Epilog: Von Träumen, Viskositäts-Theorien und wie wir Ehloyih über die Menschen denken
Kleine Rechenaufgabe:
Hinweise:
Zitate und Quellen:
Impressum:
Virtueller Buchrückentext:
Rapport Nummer: 00092
Erdenzeit: 14. Juni
Observer Nummer: 00102 Geschlecht Observer: weiblich Geschlecht der beobachteten Personen (2): 1 x männlich, 1 x weiblich Status der Personen: intime Beziehung überwiegender Gefühlszustand: verliebt, glücklich
äußere Anmutung der Beziehung: liebevoll, harmonisch
Wieder einmal stelle ich fest, dass die Menschen so ganz anders sind als wir. Diese Tiefe der Zuneigung, die auf der Erde zwischen zwei Menschen möglich ist, ist uns fremd. Wie ich schon in einem der früheren Berichte mitteilte, nennen sie das Gefühl "Liebe". Empfinden zwei Menschen füreinander dasselbe, sprechen sie von "verliebt sein". Ich kann ihre Liebe spüren, aber ich kann sie nicht selbst empfinden oder nachvollziehen. Niemand von uns kann das - eigentlich. Aber je länger ich auf diesem Planeten verweile, oder in meinem Raumschiff über ihm, umso mehr kann ich das erahnen, was zwischen ihnen ist. Ich komme nicht umhin, zu bemerken, dass mir das Erahnen nicht mehr genügt.
Wir kennen diese Art der engen Verbindung nicht. Ich frage mich, ob wir es lernen könnten, in der langen Zeit, die uns zur Verfügung steht? Aber ich SPÜRE ihr Glück, wenn sie zusammen sind, und ihre Freude, wenn sie sich sehen. Diese emotionalen Zustände sind mir etwas zugänglicher als die Liebe, und ich finde es wunderschön, daran Anteil zu haben; schöner als alles, was ich in unserer Heimat jemals erlebt habe. Beinahe beneide ich sie, um ihr Menschsein, selbst wenn ich an ihre schnelle Vergänglichkeit denke.
Ich ziehe ernsthaft in Betracht, nach meiner Mission auf diesem Planeten zu verbleiben, und in diesem menschlichen Körper zu verbleiben, den ich von Zeit zu Zeit annehme, falls Der Weise Rat einer dauerhaften Transformation zustimmen sollte, und falls unsere Wissenschaftler dies ermöglichen sollten.

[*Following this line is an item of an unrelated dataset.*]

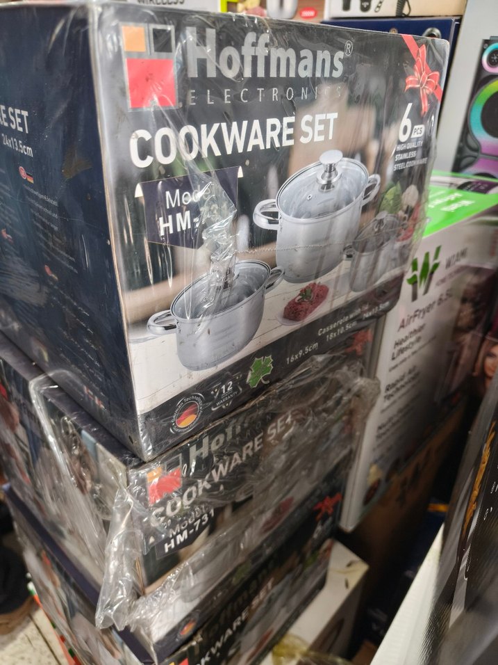Hoffmans 6 parçalı tencere seti, dayanıklı malzemeden üretilmiş beyaz ve gri tonlarda. Cam kapaklı ve ergonomik saplıdır.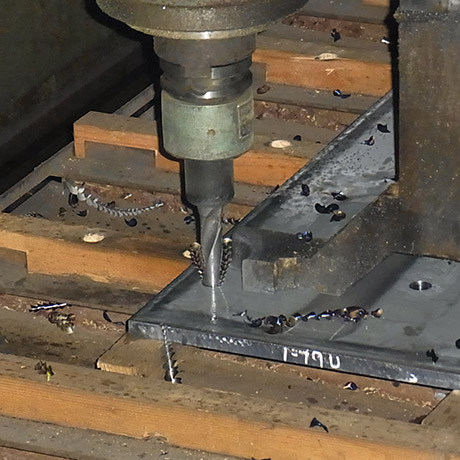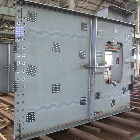 切断、孔あけを行った鋼板を、組立溶接で形状を決定した後、本溶接を行います。

Wie ich hörte, haben auch andere von uns diesen Wunsch; nicht die Mehrheit, aber doch einige, obwohl sie wissen, welche Risiken sie damit eingehen und welchen Preis sie letztendlich zahlen würden.
Die schwangere Louisa fühlt so viel Liebe in sich, dass ich zuversichtlich bin, es besser zu verstehen und die Grenzen meiner eigenen Empfindbarkeit zu überwinden. Sie hat Liebe für zwei in sich: Für ihren langjährigen Freund Finn und für das ungeborene Kind.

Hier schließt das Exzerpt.